In some implementations, the housing 201 includes a jacket through which the coolant can circulate to remove heat from the stator 203 and/or other components within the housing 201. In some implementations, the jacket is in the form of tubing or a coil positioned within the housing 201 through which the coolant can circulate to remove heat from the stator 203 and/or other components within the housing 201. In some implementations, the coolant can be isolated within the jacket and not directly interact with other components within the housing 201. In such implementations, the housing 201 is not flooded by the coolant.

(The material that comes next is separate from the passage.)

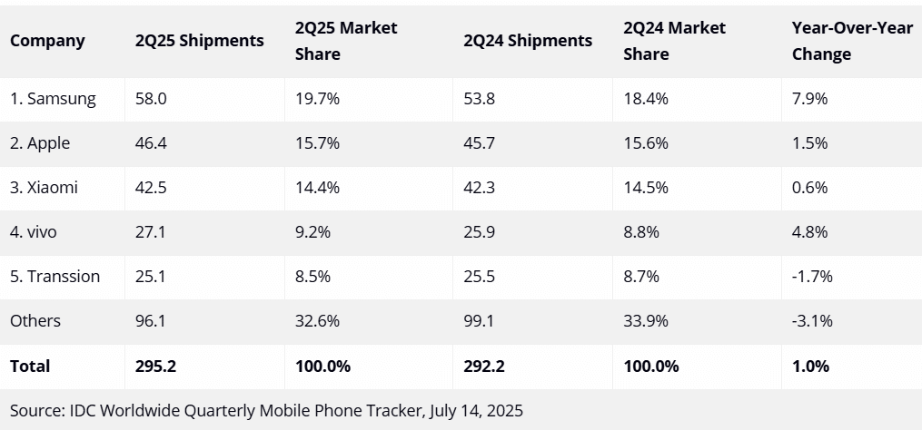 According to preliminary data from the International Data Corporation (IDC), Samsung achieved 7.9% year-over-year growth in shipments in Q2 2025, the highest among all vendors. Shipments increased from 53.8 million units in 2024 to 58 million units this year. Its global market share increased from 18.4% to 19.7% over the same period.

In some implementations, coolant does not circulate through the housing 201 (that is, coolant is not continuously supplied from the coolant source to the housing 201). Instead, one or more portions of the housing 201 are simply flooded with coolant without coolant flowing into or out of the housing 201 during operation of the downhole-type tool 200. In some implementations, the coolant may not be necessary, as heat from the electric motor 200 can be dissipated to its surrounding environment (for example, by the flow of well fluid, to an annulus fluid between the casing 112 and the tubing 128, or to the Earth and/or surrounding cement).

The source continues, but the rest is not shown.